I've created a struct, that groups the format character and a pointer to the function which prints according to the formatter.

typedef struct formatter
{
char spec;
void (*print)(va_list);
} fmt;

Then, i've created functions that prints each format.

void print_char(va_list args)
{
printf("%c", va_arg(args, int));
}
void print_int(va_list args)
{
printf("%d", va_arg(args, int));
}
void print_float(va_list args)
{
printf("%f", va_arg(args, double));
}
void print_string(va_list args)
{
char *spec = va_arg(args, char *);
if (spec == NULL)
{
printf("(nil)");
return;
}
printf("%s", spec);
}

in the main variadic function i've created an array of the struct in order to loop over it.

void print_all(const char *const format, ...)
{
fmt f[] = {
{'c', print_char},
{'i', print_int},
{'f', print_float},
{'s', print_string},
{'\0', NULL}};
int i = 0, j;
char *separator = "";
va_list args;
va_start(args, format);
if (format == NULL)
{
return;
}
while (format[i] != '\0')
{
j = 0;
while (f[j].spec)
{
if (f[j].spec == format[i])
{
printf("%s", separator);
f[j].print(args);
separator = ", ";
break;
}
j++;
}
i++;
}
printf("\n");
va_end(args);
}

The problem came, when i compile the program and test the case below:

int main(void)
{
print_all("ceis", 'B', 3, "stSchool");
return (0);
}

It prints
B, 66,
Instead of printing
B, 3, stSchool

I need to know where the problem at.

I expect the problem becomes in va_arg in each function, but in order of the less detailed knowledge that i've of variadic functions, i can't change something.
and also i don't wanna implement it with the use of switch cases, in order to modularize my program.

If you pass a va_list parameter to a function that calls va_arg, the calling function is no longer allowed to use that va_list (other than calling va_end). You violate this rule because print_all calls other functions that call va_arg.

One way to fix this would be to put all the va_arg calls in the same function. But this wouldn't work well with your function pointer approach.

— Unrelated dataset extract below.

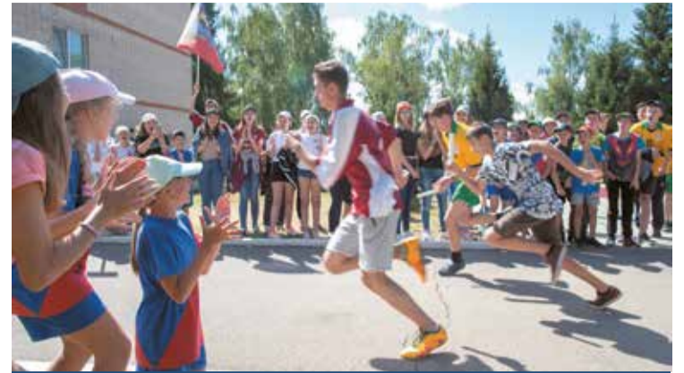
Быстрый старт – залог успеха
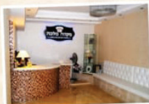
מקוה מלכה המסוגל לפקידת עקרות

Another way to fix it is to pass va_list * to the helper functions instead of va_list. This is explicitly allowed by the standard, and you can then keep using the same va_list in other functions. So you'd need to modify all your helper functions (and the function pointer type) to take a pointer.

C standard reference (C17 7.16/3):

> The object ap [of type va_list] may be passed as an argument to another function; if that function invokes the va_arg macro
with parameter ap, the value of ap in the calling function is indeterminate and shall be passed to the
va_end macro prior to any further reference to ap.²⁵⁷

Footnote 257:

> It is permitted to create a pointer to a va_list and pass that pointer to another function, in which case the original
function may make further use of the original list after the other function returns.

Passing va_list by value to multiple function is invalid. You have to pass a pointer to va_list.

#include <stdio.h>
#include <stdarg.h>
typedef struct formatter {
char spec;
void (*print)(va_list*);
} fmt;
void print_char(va_list *args) {
printf("%c", va_arg(*args, int));
}
void print_int(va_list *args) {
printf("%d", va_arg(*args, int));
}
void print_float(va_list *args) {
printf("%f", va_arg(*args, double));
}
void print_string(va_list *args) {
char *spec = va_arg(*args, char *);
if (spec == NULL) {
printf("(nil)");
return;
}
printf("%s", spec);
}
void print_all(const char *const format, ...) {
fmt f[] = {
{'c', print_char},
{'i', print_int},
{'f', print_float},
{'s', print_string},
{'\0', NULL}};
const char *separator = "";
va_list args;
va_start(args, format);
if (format == NULL) {
return;
}
for (int i = 0; format[i] != '\0'; ++i) {
for (int j = 0; f[j].spec; f++) {
if (f[j].spec == format[i]) {
printf("%s", separator);
f[j].print(&args);
separator = ", ";
break;
}
}
}
printf("\n");
va_end(args);
}
int main(void) {
print_all("cis", 'B', 3, "stSchool");
}